● **DATA FOR ANALYSIS**:
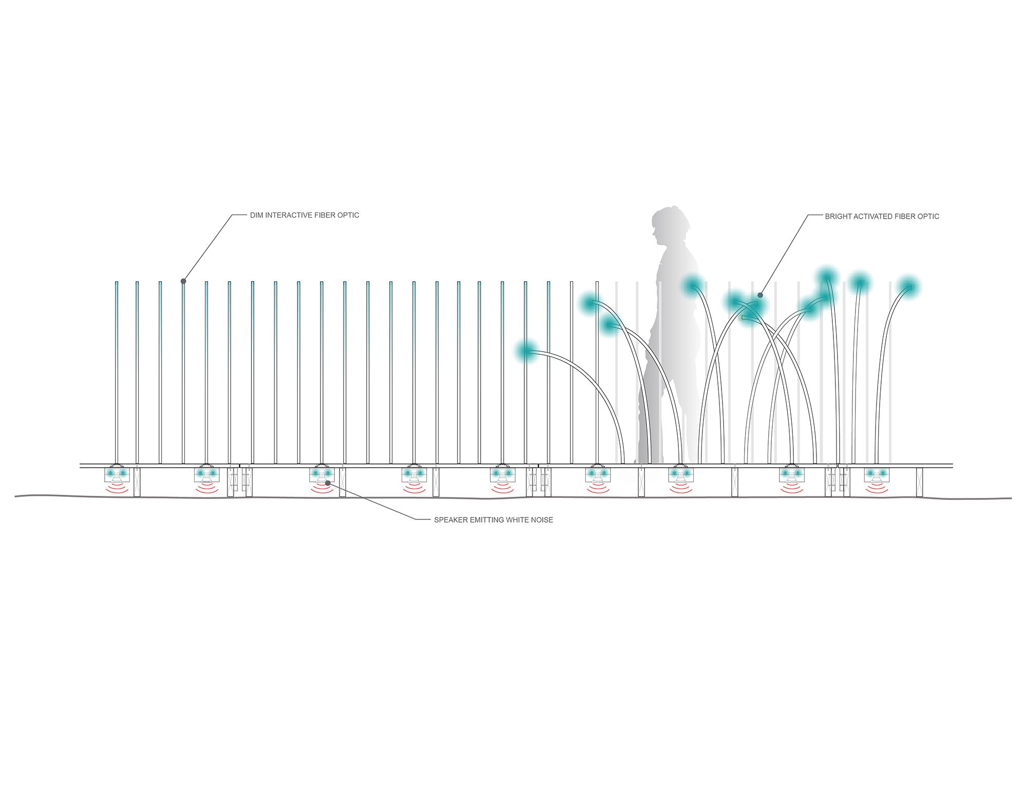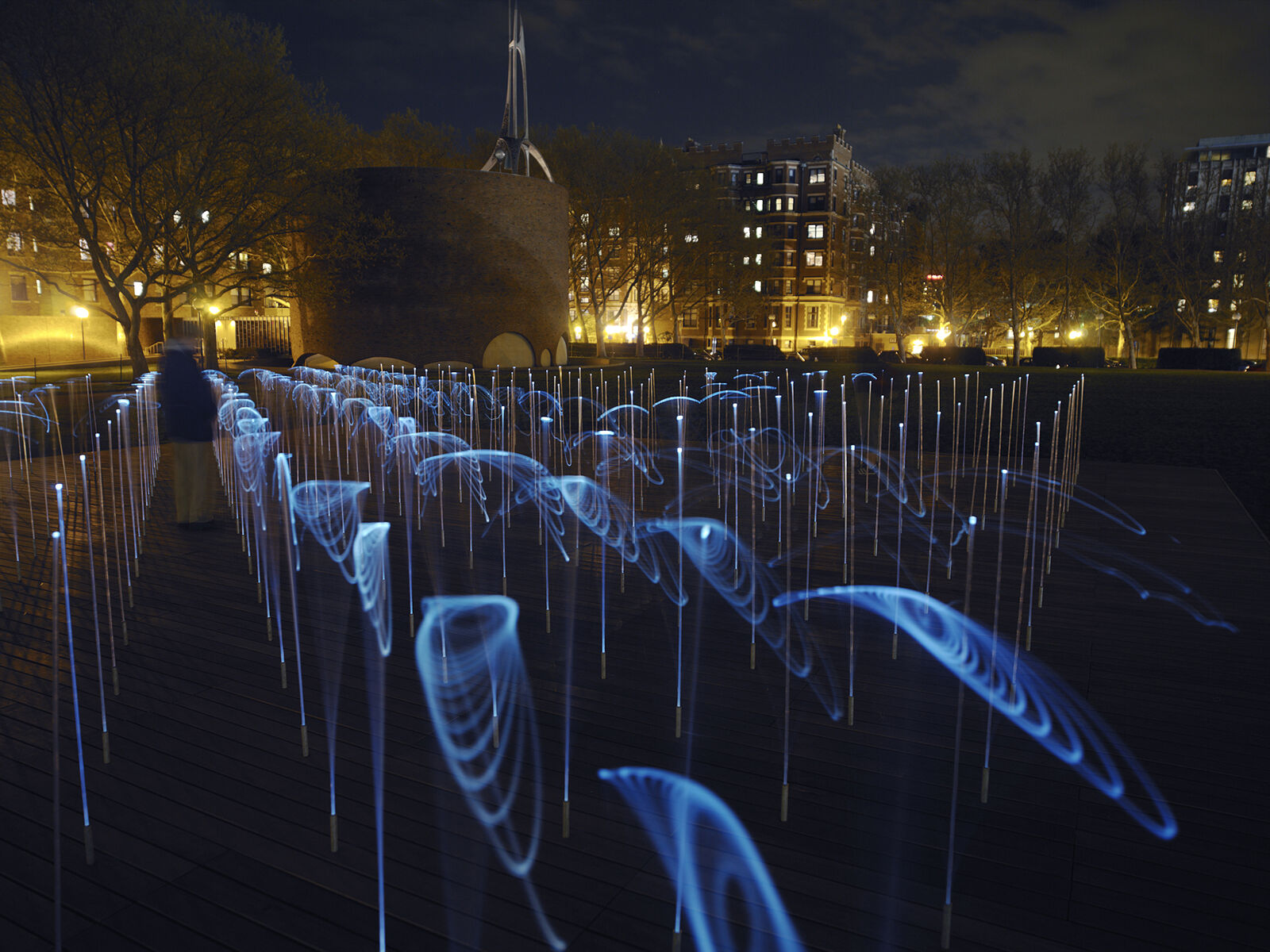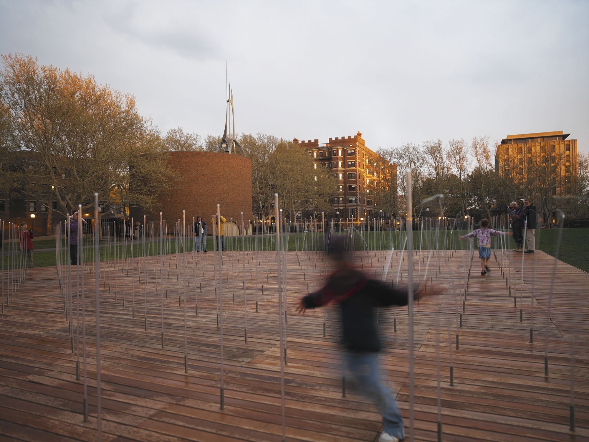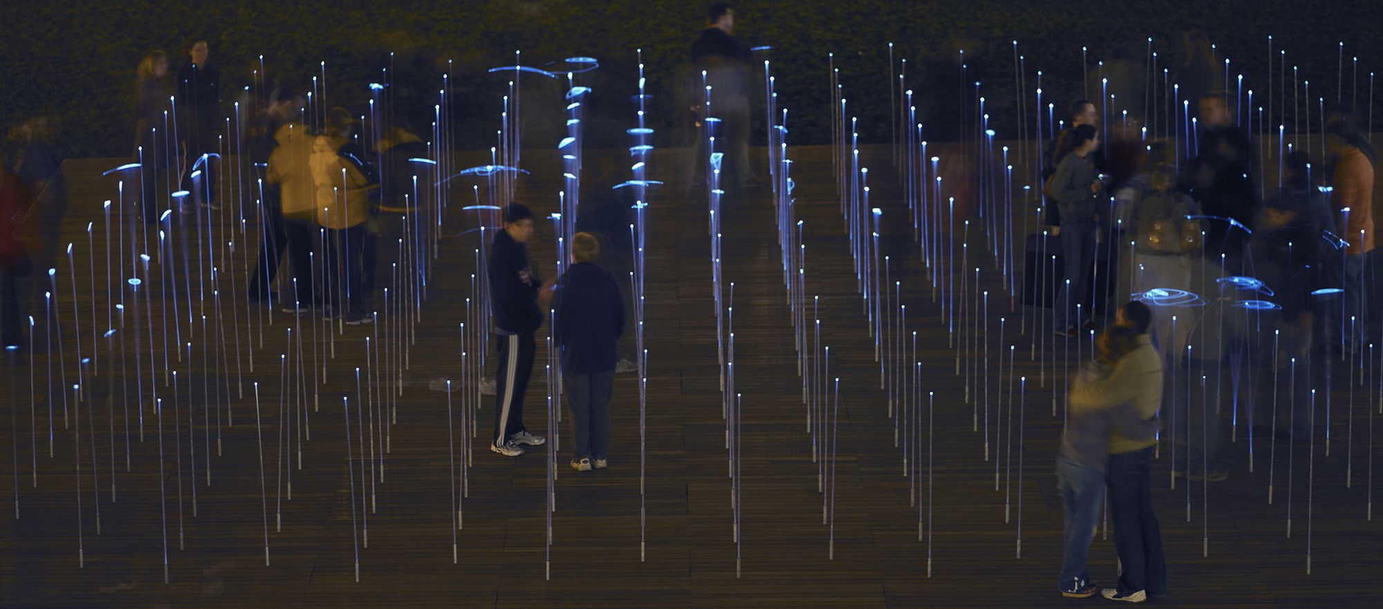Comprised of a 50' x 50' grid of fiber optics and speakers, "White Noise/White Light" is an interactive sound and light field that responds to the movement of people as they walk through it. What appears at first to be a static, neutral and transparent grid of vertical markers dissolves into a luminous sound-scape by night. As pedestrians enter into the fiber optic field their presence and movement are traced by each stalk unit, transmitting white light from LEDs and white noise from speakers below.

==

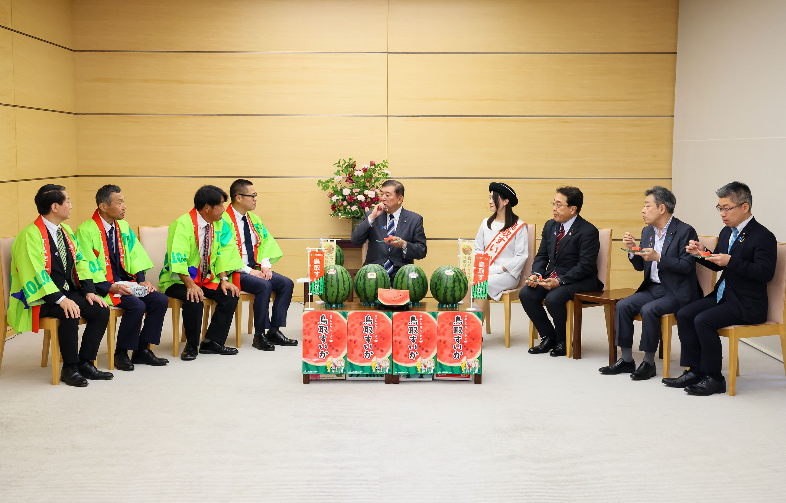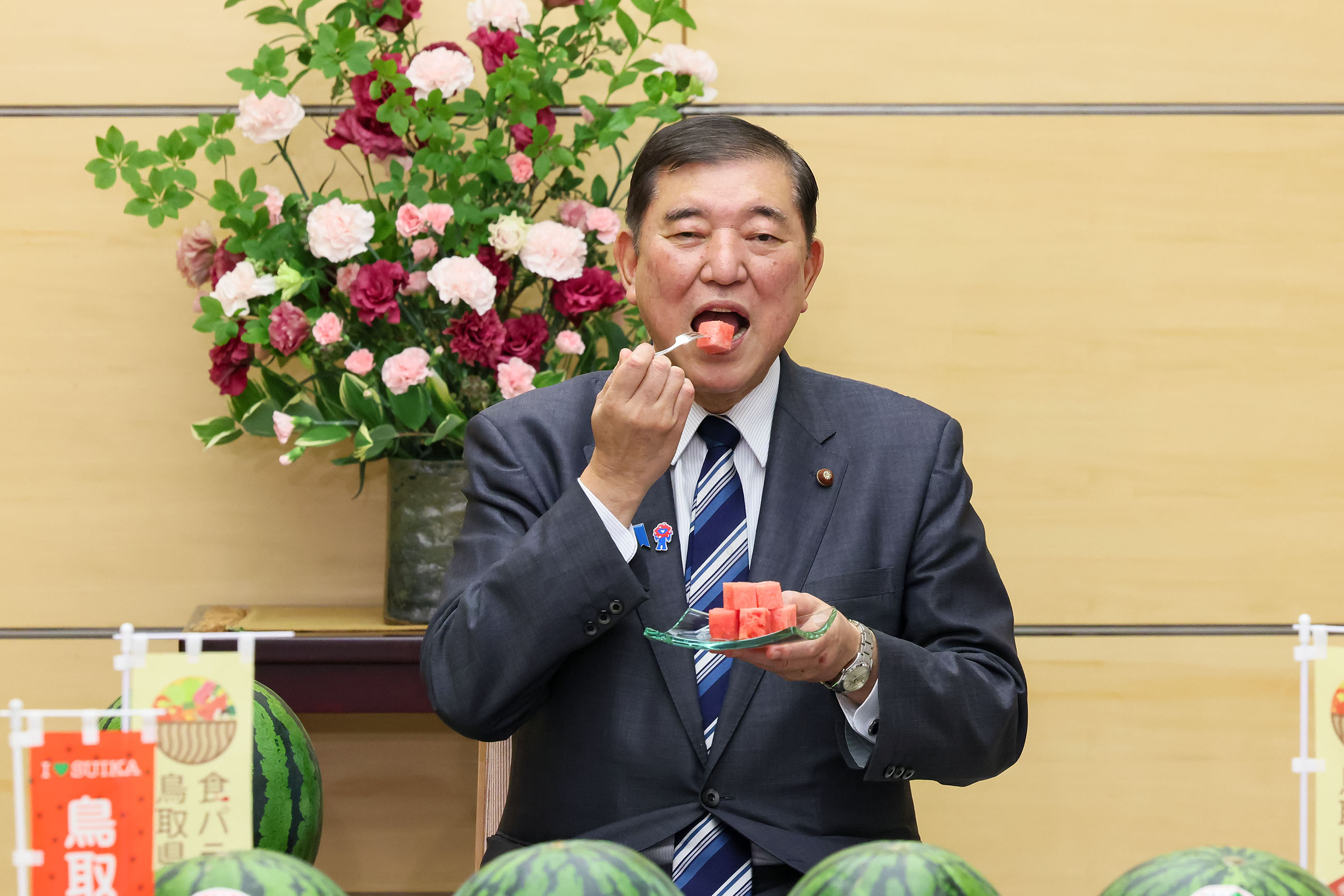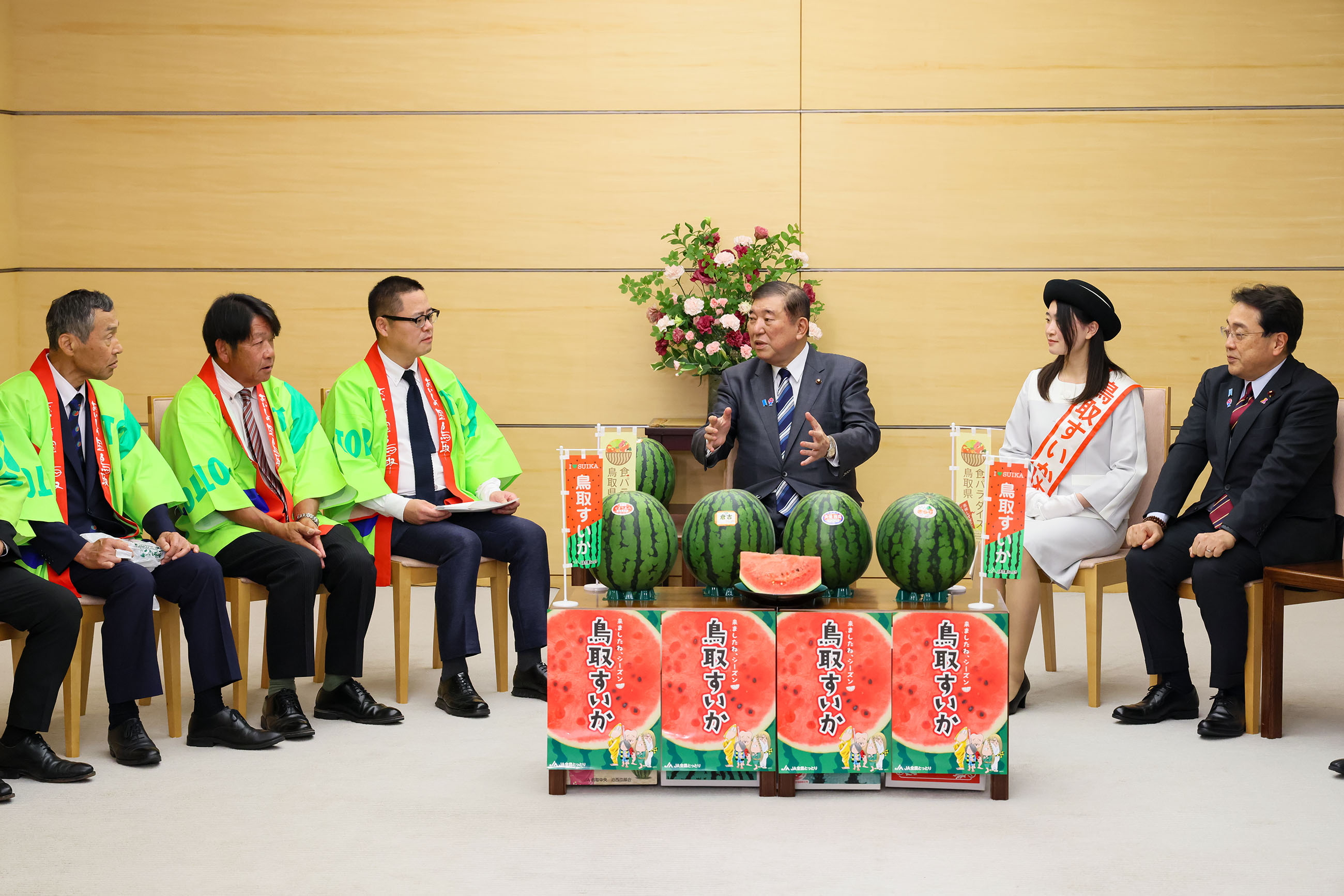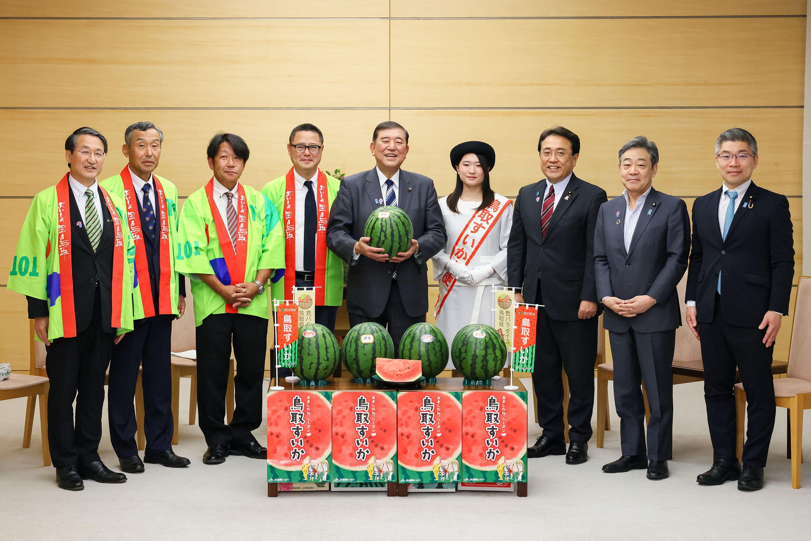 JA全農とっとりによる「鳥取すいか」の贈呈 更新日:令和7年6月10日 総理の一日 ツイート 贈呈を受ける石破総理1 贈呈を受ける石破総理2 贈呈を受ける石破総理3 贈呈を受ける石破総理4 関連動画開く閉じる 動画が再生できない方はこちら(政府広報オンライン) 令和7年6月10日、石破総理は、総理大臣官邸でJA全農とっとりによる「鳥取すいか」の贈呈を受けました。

==

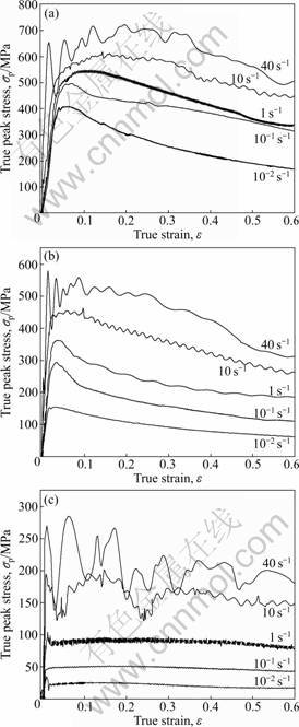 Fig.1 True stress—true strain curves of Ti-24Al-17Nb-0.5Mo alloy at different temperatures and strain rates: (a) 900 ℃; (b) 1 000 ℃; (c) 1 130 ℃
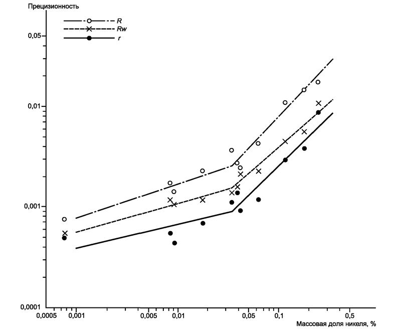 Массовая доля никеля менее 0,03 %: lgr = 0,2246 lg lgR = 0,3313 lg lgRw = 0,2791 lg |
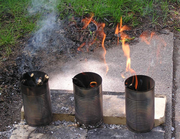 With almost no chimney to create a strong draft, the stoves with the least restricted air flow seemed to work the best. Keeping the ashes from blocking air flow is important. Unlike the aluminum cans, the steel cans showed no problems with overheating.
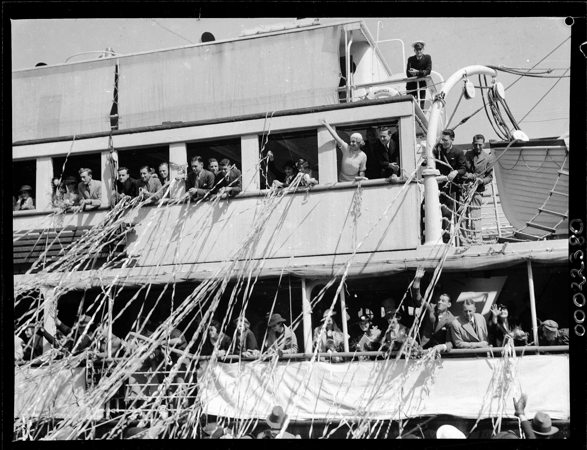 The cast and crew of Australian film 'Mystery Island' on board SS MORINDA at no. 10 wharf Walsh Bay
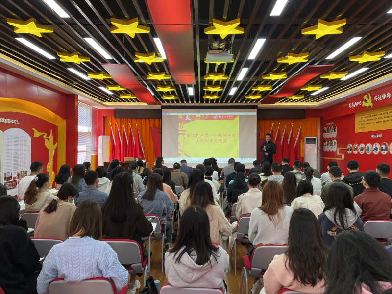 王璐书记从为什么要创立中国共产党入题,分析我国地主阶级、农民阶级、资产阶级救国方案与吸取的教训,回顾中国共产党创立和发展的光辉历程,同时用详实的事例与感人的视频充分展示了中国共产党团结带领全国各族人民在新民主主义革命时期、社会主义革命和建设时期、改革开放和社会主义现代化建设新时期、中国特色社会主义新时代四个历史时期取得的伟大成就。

● **WORK INSTRUCTIONS**: In the listing above, find the line containing "The cast and" and the line containing "王璐书记从为什么要创立中国共", then return both of them and every line between, exactly, without pictures.

● **TASK RESPONSE**:
 The cast and crew of Australian film 'Mystery Island' on board SS MORINDA at no. 10 wharf Walsh Bay
 王璐书记从为什么要创立中国共产党入题,分析我国地主阶级、农民阶级、资产阶级救国方案与吸取的教训,回顾中国共产党创立和发展的光辉历程,同时用详实的事例与感人的视频充分展示了中国共产党团结带领全国各族人民在新民主主义革命时期、社会主义革命和建设时期、改革开放和社会主义现代化建设新时期、中国特色社会主义新时代四个历史时期取得的伟大成就。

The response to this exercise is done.